The peak must decline, and the decline must rise again; the development of things always follows its own laws. This Tuesday, Bitcoin laid out a medium-term short position at the high of 10200, accurately predicting the downward targets of 98000 and 92000, which were achieved one by one. Meanwhile, Ethereum's short position from 3720 to 3250 also successfully reached its target, perfectly illustrating the precision of the strategy.
At four in the morning, the 91200 level was likely established as a short-term low or second-low. When Bitcoin first touched 91700 last night, we decisively provided a long position strategy at 91800, successfully rebounding to the 94600 level. This round of market fluctuation during the transition between long and short positions was precisely captured by us, allowing for profits in both directions. Ethereum did not lag behind either, with a long position at 3220 easily rebounding above 3330, netting a profit of a hundred points.
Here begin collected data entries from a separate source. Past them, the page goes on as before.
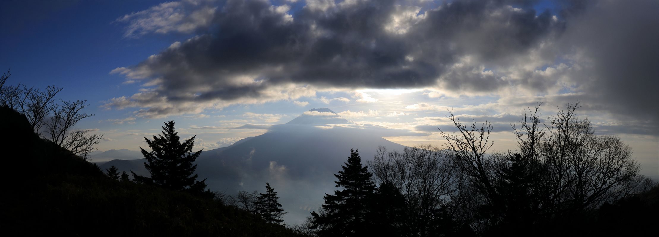 富士山と陽光。麓には朝霧高原が広がり、富士山の右肩には愛鷹山の稜線が見えます。
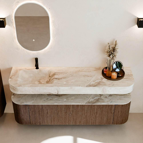 MONDIAZ THOR-DLUX 170cm badmeubel ronding links + rechts kleur Walnut met 1 lade en 2 deuren. Vrijhangende wastafel CLOUD Links 1 kraangat kleur Frappe.
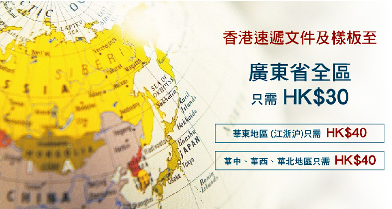 速遞服務範圍包括中、港、澳及台灣速遞服務
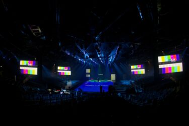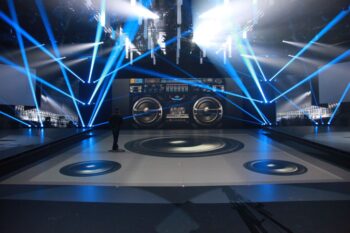 Marketing event with 4,000 spectators, interactive high-resolution floor projection on an angled staged. Presentations, films and fashion shows.
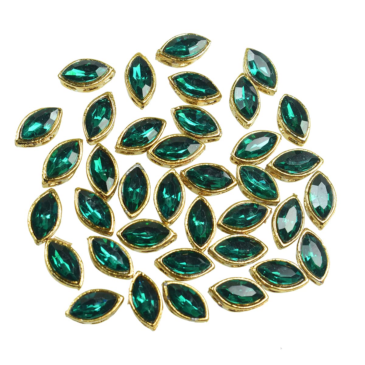 HomeArt & CraftDIYEmbroiderymaterial Flat Back Emerald Green Kundan Rhinestones in Raised Setting in Marquise Eye Shape for Jewelry Making & Embellishment-7 * 12MM-50 Pieces

The first non-farm payroll data of the new year will make a significant appearance tonight, with an expected value of only 160,000 people, a sharp decrease from the previous value of 227,000. The unemployment rate remains stable at 4.2%. At this moment, the market appears calm on the surface, but there are undercurrents; all parties are quietly waiting for the impact of the non-farm data. This calm is about to be broken, and new waves are about to rise.
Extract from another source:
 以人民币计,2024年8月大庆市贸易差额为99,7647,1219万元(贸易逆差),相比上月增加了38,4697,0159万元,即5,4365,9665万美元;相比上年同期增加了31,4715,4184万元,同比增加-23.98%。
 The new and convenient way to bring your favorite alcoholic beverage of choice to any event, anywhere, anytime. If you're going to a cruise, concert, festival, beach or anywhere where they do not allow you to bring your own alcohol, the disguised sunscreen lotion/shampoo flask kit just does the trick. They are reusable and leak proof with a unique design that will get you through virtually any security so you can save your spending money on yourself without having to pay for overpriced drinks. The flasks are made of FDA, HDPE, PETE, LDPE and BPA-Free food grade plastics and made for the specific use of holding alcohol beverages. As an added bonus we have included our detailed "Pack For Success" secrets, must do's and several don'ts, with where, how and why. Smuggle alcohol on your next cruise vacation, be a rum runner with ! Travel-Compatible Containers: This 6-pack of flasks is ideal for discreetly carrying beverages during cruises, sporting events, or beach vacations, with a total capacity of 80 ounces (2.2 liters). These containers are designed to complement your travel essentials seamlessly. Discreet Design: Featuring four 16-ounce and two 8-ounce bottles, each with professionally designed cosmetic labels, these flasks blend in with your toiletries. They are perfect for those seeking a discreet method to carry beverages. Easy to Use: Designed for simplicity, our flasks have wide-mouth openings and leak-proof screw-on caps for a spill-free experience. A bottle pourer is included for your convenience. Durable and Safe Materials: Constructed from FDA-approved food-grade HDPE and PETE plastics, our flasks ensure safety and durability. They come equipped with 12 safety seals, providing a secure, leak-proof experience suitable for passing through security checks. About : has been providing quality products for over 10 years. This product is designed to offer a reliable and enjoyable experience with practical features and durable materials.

Moreover, this month also marks the significant event of Trump’s official inauguration. Its implementation will undoubtedly trigger a chain reaction in the market, leading to unprecedented changes in the landscape.
However, in my personal opinion, despite the market's high expectations, the non-farm data may not be a significant boon for Bitcoin, and the possibility of Bitcoin breaking through is also quite slim. The long position made at the low yesterday was merely based on the trading strategy of high shorts and low longs within a fluctuating pattern.
From a technical analysis perspective, the 96000 - 97000 area for Bitcoin constitutes a solid technical resistance level, with 98000 being a strong pressure point above. Although the current market has shown some strength, there is insufficient momentum for a sustained significant rise. Therefore, it is advisable to boldly short when rebounding to the 96000-97000 range; if the price dips first in the evening, one can also consider going long near the support level of 91500-90500.
In the face of data-driven market conditions, volatility is bound to intensify. Those who attempt to double their funds based on data or events often find that things do not go as planned. We should maintain a calm mindset and strictly control our positions and risks. Conservative investors might wait until after the data is released and the market trend stabilizes before entering, which would be a wise move.